If all of the above fail to fix, and the issue is still specific to the server, then you might have to resort to a full refresh of that server (reinstall the OS, Citrix etc etc).
 
Cumprimentos Gerd,

In addition to Jon's comments, keep an eye out for a user or two double dipping on your system. We had some retail store clerks do that to us, because performance was slow. The performance issue was WAN related, not JDE related as we learned. When they ran the same report at the same time as the same JDE user, they slowed the system down even more by locking up the specs.

Ciao, Gregg
 
Hi Gerd,

Addition to Jon's and Greg's valuable answers, just a silly answer from me:

Check the Object Management Log table, looking for Get/Check-Out action against your PROD Path Code - and maybe Add/Delete, or other ways all action which is not Transfer.
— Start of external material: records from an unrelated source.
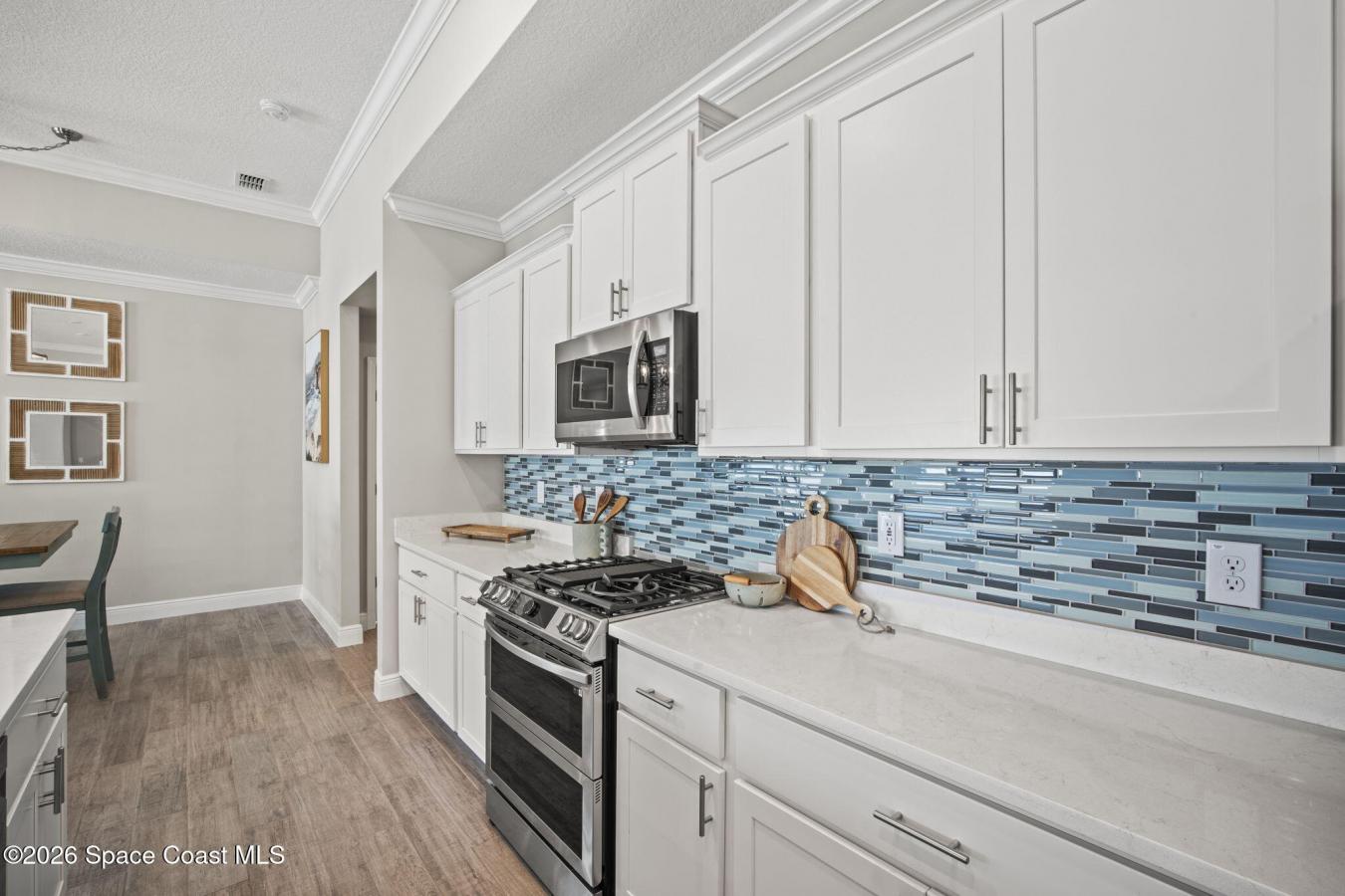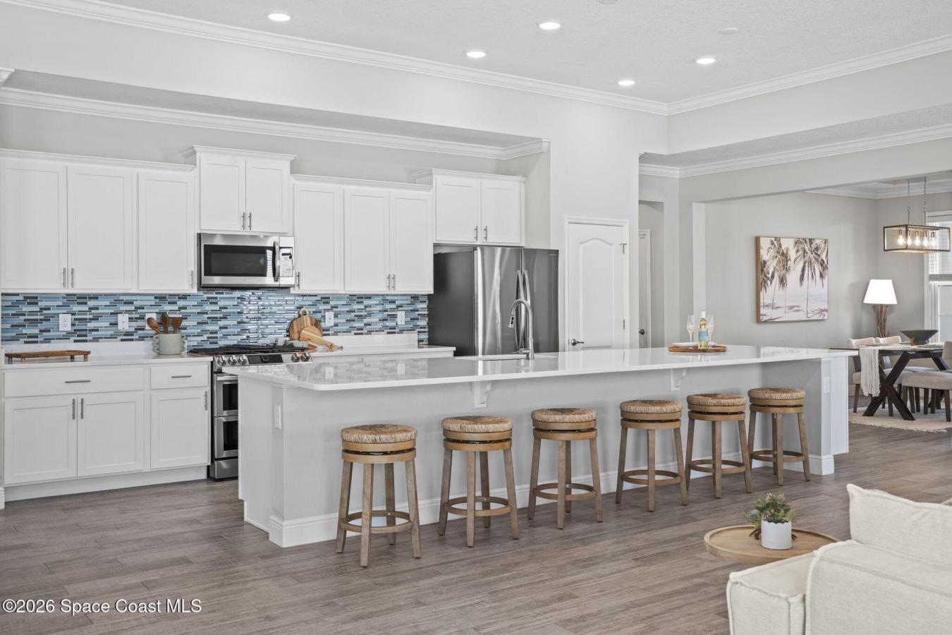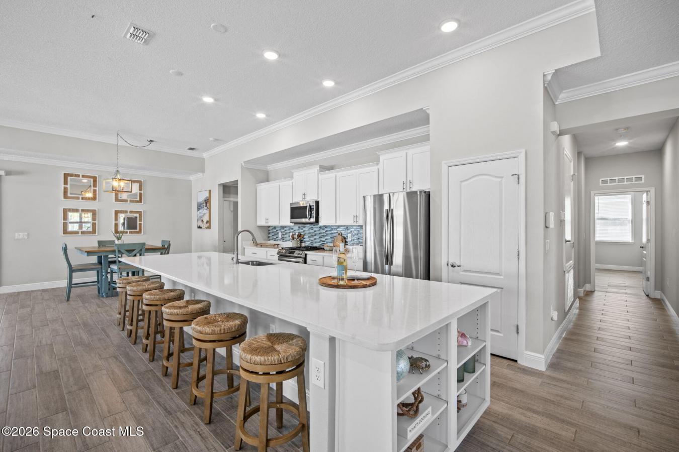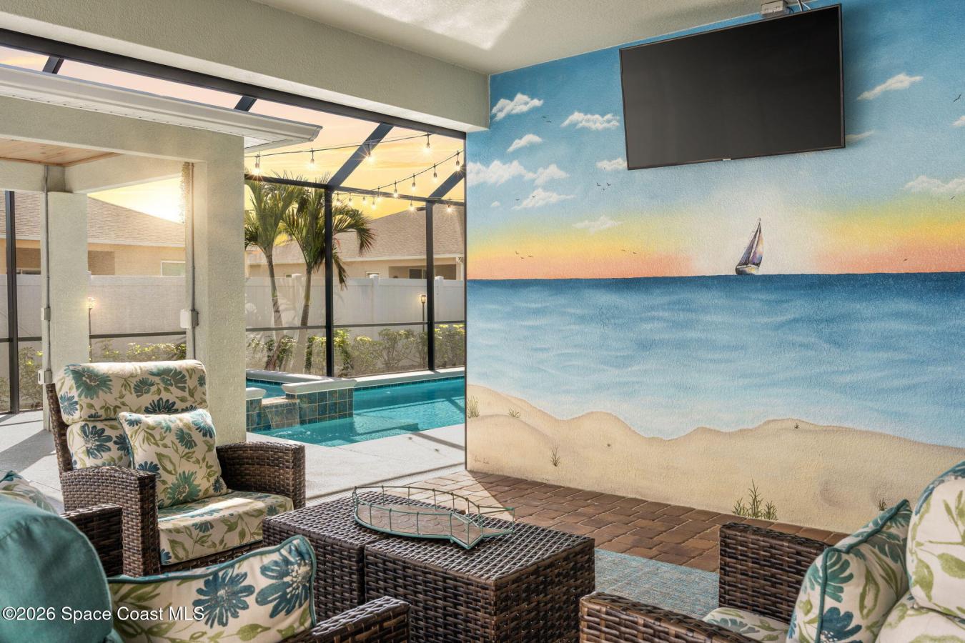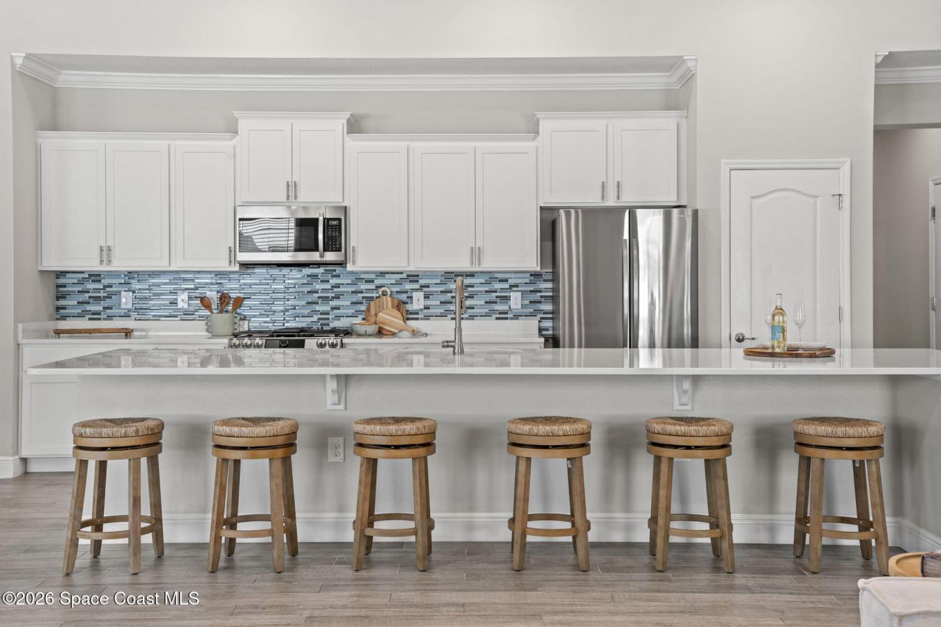 Step into the Space Coast lifestyle youve been dreaming of in N Merritt Island! Offering just over 3,000, 4BR, 3BA Office & 3 Car Garage. Soaring 12 ceilings with tray accents, crown molding throughout & a bright open floor plan. Chefs Kitchen features quartz counters, 42 solid wood cabinets, custom backsplash, Energy Star SS appliances, a wine fridge, and an oversized 14 island for everyday living & entertaining. Wired for Whole Home Audio/Video, Smart Garage Opener & Gas Tankless WH. Primary Suite offers a massive walk-in CA closet & spa-style bath w/ dual sinks, quartz counters, & walk-in shower w/ dual shower heads. Backyard retreat that lives like a private resort, with a screened-in, gas-heated pool and spa, custom CBS gazebo, & Kevlar hurricane retractable screens and a Key West-style mural in the patio area so it feels like your own beach escape. Impact Windows Storm Shutters for peace of mind. Approx. 10 min to KSC, 20 min to Cocoa Beach & 40 min to MCO.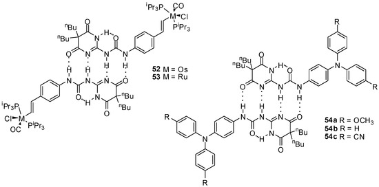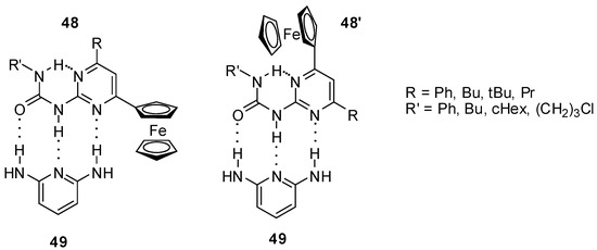 Similarly to simple derivatives, ureidopyrimidin-4,6-diones (e.g., 46, Figure 16) and -pyrimidin-4-ones (e.g., 47) decorated with ferrocenyl moieties were found to form stable dimers in apolar solvents, such as CDCl3 or CD2Cl2, and were shown to exist as monomers (in the case of 47, in the pyrimidin-6[1H]-one form 47′) in polar media, e.g., in DMSO-d6 and CD3CN, as supported by NMR measurements [63,64].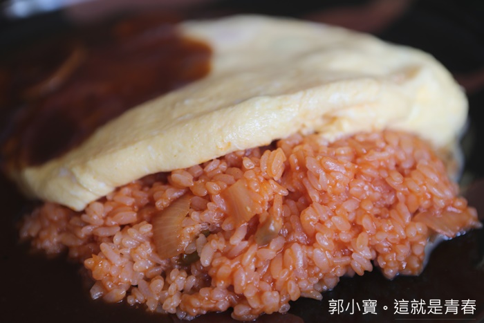 | 從側面看看那歐姆蛋的厚度真的很療癒,下面鋪的是番茄炒飯,裡面還有很多新鮮的食材拌炒,味道非常的棒,微酸帶點加上淡香真的很無敵,旁邊的蘑菇醬汁吃了一口帶點苦味,沒意外應該是牛膠醬汁,日本很多歐式蛋包飯都會搭配這種醬汁,但是他們家的更厲害,那帶點苦味但回甘層次又多變的牛膠醬汁真的很好吃。 |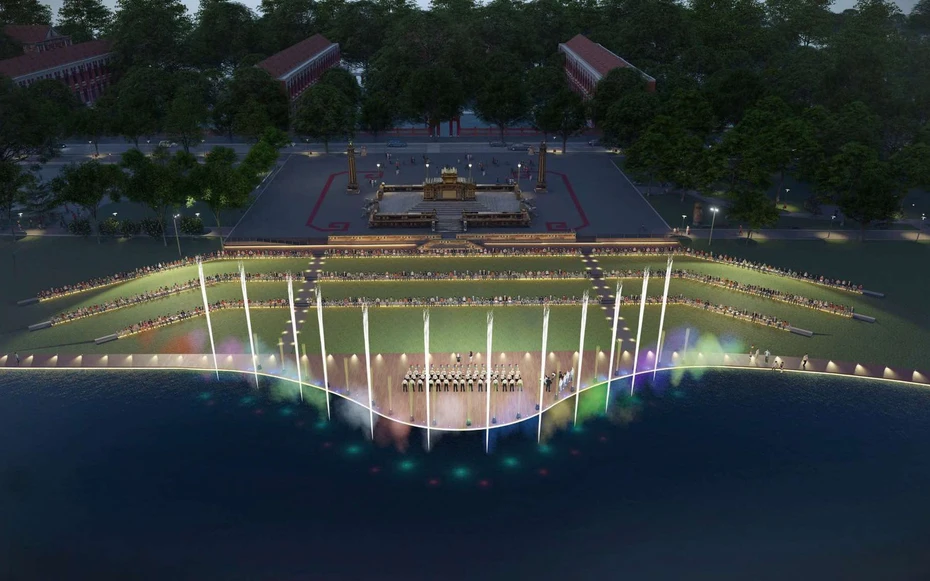 Theo phương án mới, TP Huế quyết định xây dựng một sân khấu nằm trên mặt nước sông Hương, lấy cảm hứng từ hình kim khánh triều Nguyễn.

A question to Jon and Greg:
Wheter Version Creation (mainly UBEVER) and Check-In/Check-Out can also produce spec problems?

Regards,

Zoltán
 
Zoltán,

I would hope that there are not a lot of versions being checked in and out of Gerds production environment. That would be messy. Sorry, I don't know any Hungarian, so I couldn't work that into my post.

- Gregg
 
Hi Greg,
OFF Reply - excuse me.
[ QUOTE ]
Sorry, I don't know any Hungarian, so I couldn't work that into my post.

[/ QUOTE ]

You don't do so many mistake in your Hungarian, than me in my English.
cool.gif


Regards,

Zoltán
 
Thanks a lot for all the good suggestions. We will check all of them.

One more thing: the weekend prior to the problem occur the first time the Citrix Servers received an Office update to Office 2007. Could that have anything to do with it?

Thanks again, Gerd
 
[ QUOTE ]
the weekend prior to the problem occur the first time the Citrix Servers received an Office update to Office 2007. Could that have anything to do with it?

[/ QUOTE ]

As I mentioned before, you need to check your patch levels. Yes, this could definitely be an issue - the fact that you have perhaps different security patches on your windows servers - I've seen this occur before. Check to make sure that all patches got installed correctly - if necessary, patch everything and check again.
 
Yes Jon, the office patch is our prime target now. There is strong resistance from the Citrix/Windows crew, but we made them uninstall it from one of the servers which we are observing now.

We also found a plausible explanation about the 3:30 timig. More about that later.

I´ll keep our results posted.

Thanks to all, Gerd
 
Ok, we fixed it. I promised to post the results here.

Actually the root cause was worse then suspected. It was not Office 2007 or a patch; the windows team had changed the users´ profiles without our knowledge.
The consequence was that users did not have a Citrix-connection timeout any more and connections stayed alive indefinitely. That somehow caused that some long-time inactive sessions for some reason blocked the fdaspec file. That’s the best explanation I can come up with. Maybe someone can enlighten me further on this.
It is also possible that the Citrix servers were overloaded with too many connections, more then usually expected.
The odd timing of the problem can be explained by shift-changes between 3-4 pm or maybe lunch-hours for our users at -3 hours time difference. And that we did not have any problem on Friday was likely due to the fact that on Fridays people actually power down their machines.